For reference, I include the corresponding instance from the training data here:

{“uuid”: “ad9271b7-9983-42f5-9bd9-fdfcb171ddaa”, “postId”: “4u446t”, “postText”: [“What Happens When You Get a Perfect Score on Pac-Man Will Blow Your Mind”], “postPlatform”: “reddit”, “targetParagraphs”: [“GIF”, “Billy Mitchell takes video games very seriously. He’s been called one of the greatest arcade gamers ever, and there’s even a documentary about his insane high score in Donkey Kong called The King of Kong: A Fistful of Quarters.”, “Even with his own full-length documentary film, Mitchell is still best-known for one thing: He was the first person to get a perfect score (3,333,360 points) in Pac-Man. Mitchell set the record in 1999, almost two decades after the game was originally released.”, “"You start off on the first board, and on board 21, that’s where it reaches the maximum difficulty," Mitchell said in a recent interview about the achievement. "You have to navigate all the way to board 255 doing the same repetitive thing. You can’t miss a dot, a prize, a blue man. You can’t die once."”, “In the video, Mitchell explains how, at level 256, there’s only enough memory in the game for the left-half of the board. The right-half of the game is filled with computer garble that looks something like the Matrix code.”, “"You get to the end, and there’s nothing to do but die."”], “targetTitle”: “What Happens When You Get a Perfect Score on Pac-Man Will Blow Your Mind”, “targetDescription”: “Billy Mitchell takes video games very seriously. He’s been called one of the greatest arcade gamers ever, and there’s even a documentary about his insane high score in Donkey Kong called The King of Kong: A Fistful of Quarters.”, “targetKeywords”: “Pac-Man, Arcade, Billy Mitchell, Sploid”, “provenance”: {“source”: “anonymized”, “humanSpoiler”: “The game runs out of memory and you die”, “spoilerPublisher”: “savedyouaclick”}, “spoiler”: [“at level 256, there’s only enough memory in the game for the left-half of the board. The right-half of the game is filled with computer garble that looks something like the Matrix code. "You get to the end, and there’s nothing to do but die."”], “spoilerPositions”: [[[4, 836]]], “tags”: [“passage”]}

I think that the label passage is correct because we labeled everything that is consecutive text longer than 5 words as a passage, and this is true for the example (although the example spans two paragraphs, but it is still consecutive).

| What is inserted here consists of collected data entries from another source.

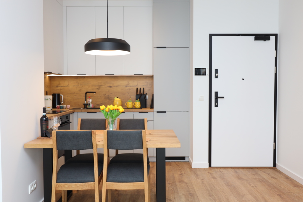 - Salonu połączonego z aneksem kuchennym – przestronny, dobrze doświetlony, idealny do relaksu oraz spędzania czasu z rodziną czy przyjaciółmi,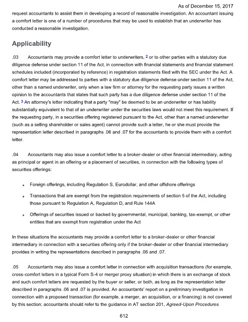 .03 Accountants may provide a comfort letter to underwriters, or to other parties with a statutory due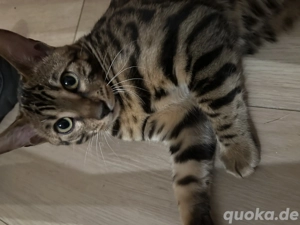 Unsere Bengalkatzen (1 Weibchen, 2 Männchen) suchen ein verantwortungsvolles neues Zuhause. Sie sind gesund, aktiv, menschenbezogen und sehr schön gezeichnet (Rosetten). Infos: geboren: Juli 2025 2 geimpft mehrfach entwurmt gut sozialisiert, kennen Alltagsgeräusche Abgabe nur in verantwortungsvolle ...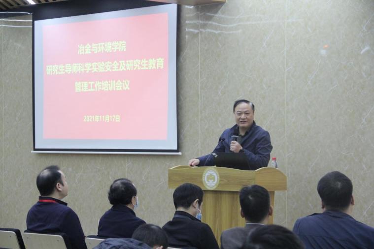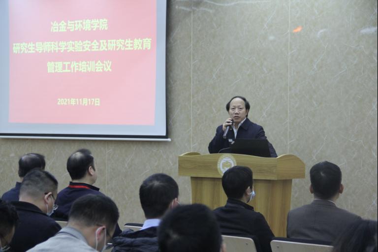 11月17日下午,Stake博彩 在金贵楼四楼报告厅隆重召开2021年研究生导师会议,开展科学实验安全及研究生教育管理工作培训。院长柴立元院士,党委书记成琼文,党委副书记张凯,副院长赖延清、陈爱良、杨建广出席,会议由闵小波副院长主持。近90名研究生导师以及研究生教育管理干事参加了本次会议。
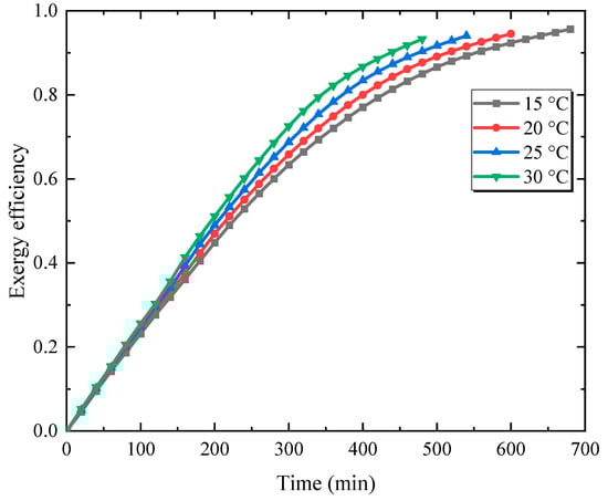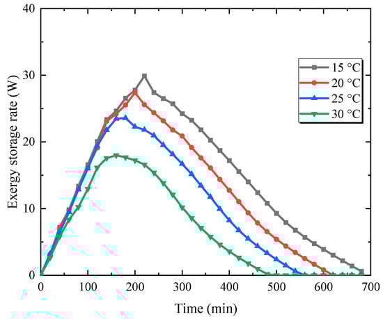 Figure 11 depicts the variation of the exergy storage rate for different original temperatures. As the original temperature of the unit increases, the exergy storage rate decreases due to the influence of the charging fluid. Although increasing the original temperature reduces the charging time, it decreases both the exergy storage rate and the exergy. As a result, raising the initial temperature by 15 °C decreases the maximum exergy storage rate of the phase change material from 29.9 to 18.0 W.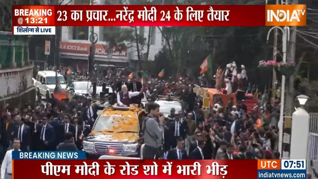 PM Modi: प्रधानमंत्री नरेंद्र मोदी मेघालय की राजधानी शिलांग पहुंचे गए हैं। यहा रोड शो चल रहा है। इसमें वे यहां बड़ी संख्या में उन्हें देखने को आतुर प्रशंसकों का अभिवादन कर रहे हैं। प्रधानमंत्री नरेंद्र मोदी इससे पहले नागालैंड में थे, जहां उन्होंने चुनावी सभा को संबोधित किया। इसके बाद वे मेघालय की राजधानी शिलांग पहुंच गए हैं। यहां बड़ी संख्या में लोगों का वे रोड शो में अभिवादन कर रहे हैं। दरअसल, इन दोनों राज्यों में 27 फरवरी को विधानसभा चुनाव के लिए मतदान होगा। पीएम मोदी घालय के शिलॉन्ग में रोड शो कर रहे हैें। इससे पहले नागालैंड के चुमौकेदिमा जिले में पीएम मोदी भाजपा-नेशनलिस्ट डेमोक्रेटिक प्रोग्रेसिव पार्टी (एनडीपीपी) की एक रैली को संबोधित किया। इन दोनों राज्यों में 25 फरवरी को चुनाव प्रचार खत्म हो जाएगा। इससे ठीक एक दिन पहले पीएम मोदी का मेघालय-नागालैंड यह दौरा बीजेपी और उसके गठबंधन के लिए बेहद अहम माना जा रहा है।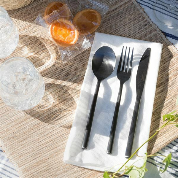 珍しいオールブラックのカトラリーは、平たいハンドルもスマートでクールな印象。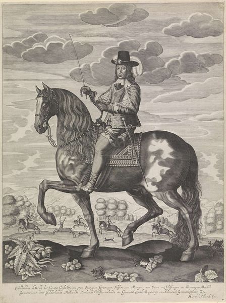 This print portrays William III, Prince of Orange, and it's made by an anonymous artist using engraving techniques. Looking closely, you can see how the material characteristics of the metal plate from which this print was made influence its appearance, with its fine lines and tonal variations. The engraver would have used a burin to carve lines into the metal, a laborious process that required great skill and control. The precision and detail achieved reflect a mastery of craft, as the lines create a sense of depth and texture, bringing the prince and his horse to life. The act of creating such a print was deeply entwined with social context. Prints were a means of disseminating images and ideas widely, catering to a growing market of consumers who wanted to own representations of power and status. Recognizing the labor and expertise involved in this work challenges the traditional distinctions between fine art and craft.

The spoilerPosition does not include the end-position because the spoiler ends at the end of the document.

You are right, this is misleading, we will release a new version of the dataset that improves this. But I guess it is not too urgent for you, as you can continue working?
So that we can ship multiple minor improvements when we release the next version on Zenodo?

Best Regards,

Maik

Dear Maik,

thank you for your clarification.

It is not urgent and we can wait for the next release.

Best Regards,

Tom